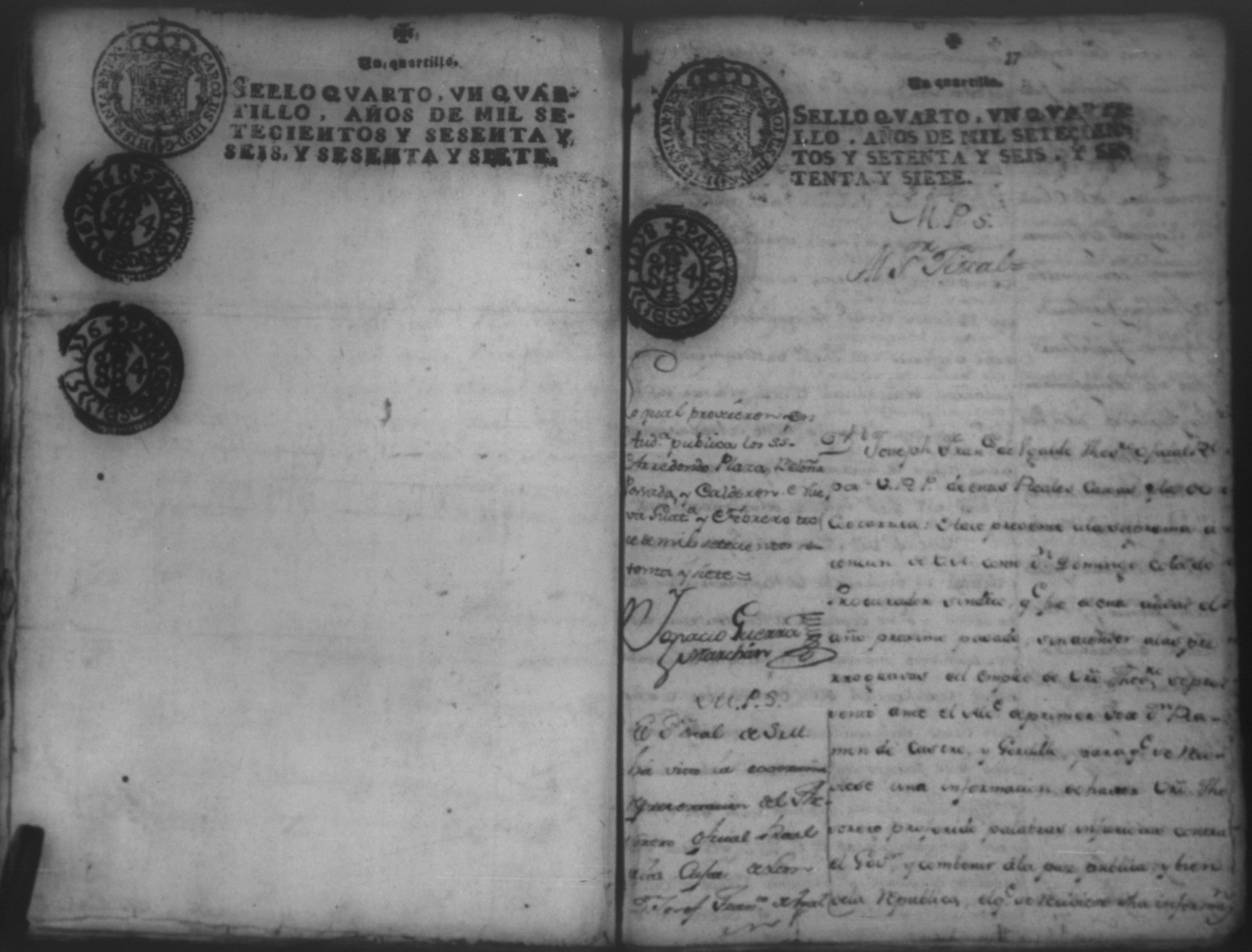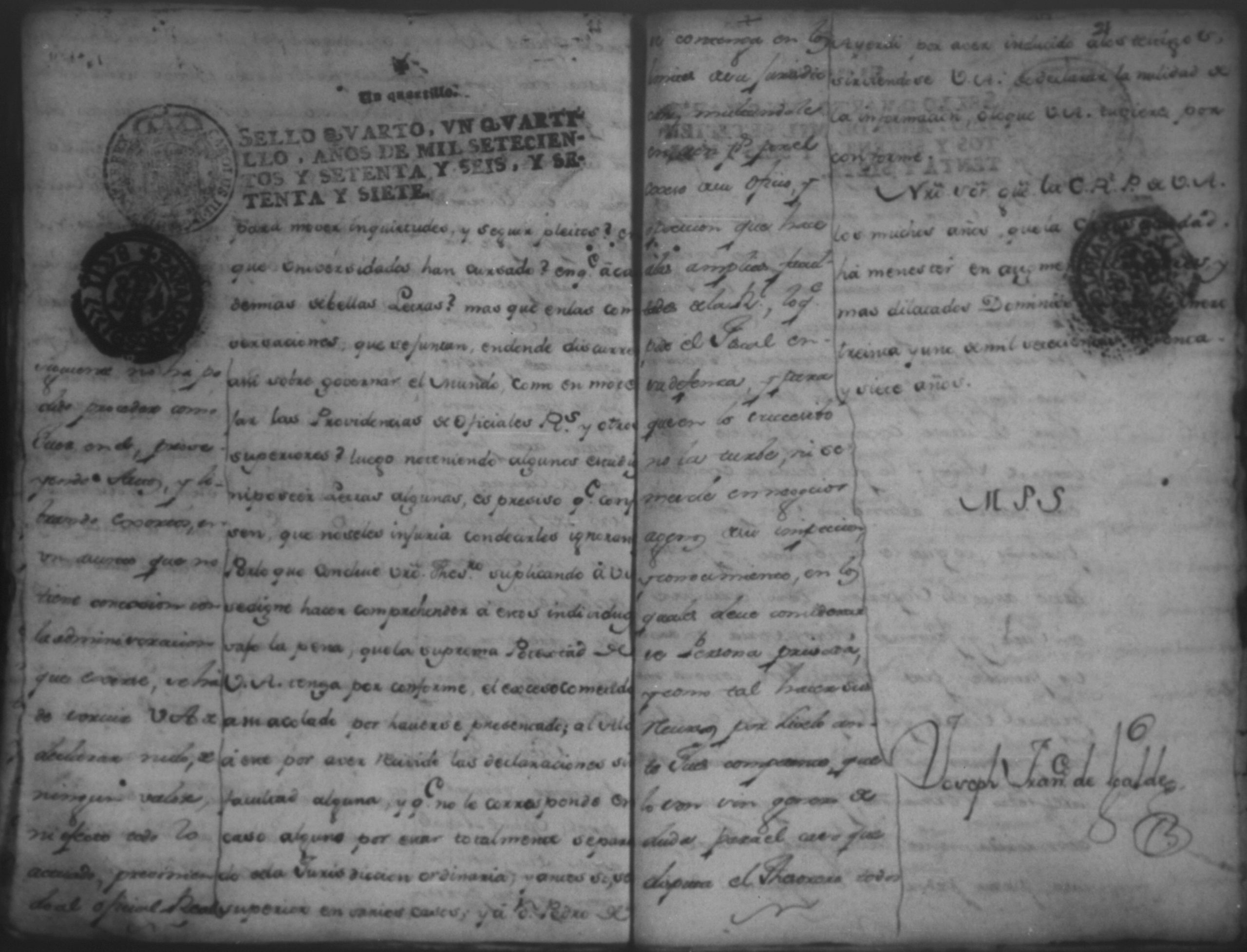 Temática: Leon, Año de 1776. Diligencias seguidas por el Alcade Ordinario Don Ramon de Castro y Gordillo a pedimento de Don Domingo Colado, suponiendo que el Señor Hescribano oficial real propietario Don Joseph Francisco de Ygalde […] proferido varias injurias contra el señor governador y Comite General de las Armas de esta Provincia. Don Manuel de Quiroga.
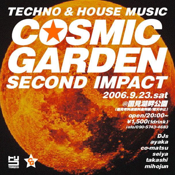 国見湖畔公園にやぐらを組み、DJブースを作り ドリンクバーを設けて、星の綺麗な公園で 夏の〆そして秋の夜長イベントをお届けします! コズミックのスペシャルDJ達の音を聴きながら 酒を飲むもよし、踊るもよし☆ ラーメン食らうもまたヨロシ! モチロン星を見上げるもよし、まったりするのもよし! 好き勝手遊んでって下さい! 最高のロケーションと最高の音を保障します。 COSMIC GARDEN SECOND IMPACT (コズミックガーデン) 2006.9.23.sat @国見湖畔公園(国見有料道路料金所横/雨天中止) op
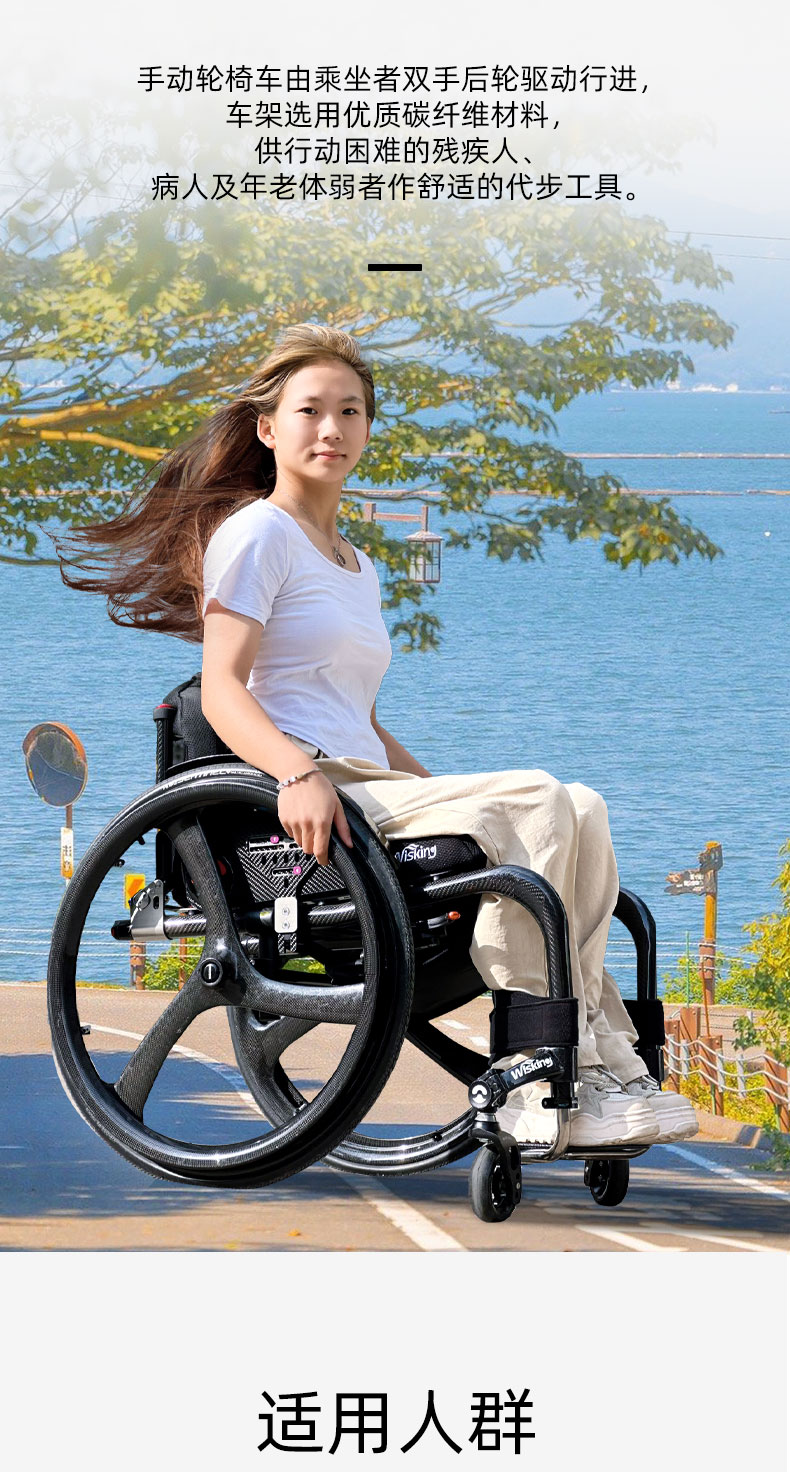 | 产品材质 | 碳纤维车架,碳纤维边板 | 使用说明 | 威之群运动式生活轮椅是根据脊髓损伤者的受伤位置、身高、体重,坐宽、坐深、小腿长度来量身定制的轮椅,非常人性化、个性化的解决了不同伤友对轮椅的不同需求问题。 |

> _EXERCISE_: Only the lines from the one with "2006.9.23.sat @国見湖畔公園(国見有料道路料金所横/雨天中止) op" through the end of the data, both ends included, should be written out exactly, and no pictures should appear.

> _ANSWER FOR THE TASK_:
 国見湖畔公園にやぐらを組み、DJブースを作り ドリンクバーを設けて、星の綺麗な公園で 夏の〆そして秋の夜長イベントをお届けします! コズミックのスペシャルDJ達の音を聴きながら 酒を飲むもよし、踊るもよし☆ ラーメン食らうもまたヨロシ! モチロン星を見上げるもよし、まったりするのもよし! 好き勝手遊んでって下さい! 最高のロケーションと最高の音を保障します。 COSMIC GARDEN SECOND IMPACT (コズミックガーデン) 2006.9.23.sat @国見湖畔公園(国見有料道路料金所横/雨天中止) op
 | 产品材质 | 碳纤维车架,碳纤维边板 | 使用说明 | 威之群运动式生活轮椅是根据脊髓损伤者的受伤位置、身高、体重,坐宽、坐深、小腿长度来量身定制的轮椅,非常人性化、个性化的解决了不同伤友对轮椅的不同需求问题。 |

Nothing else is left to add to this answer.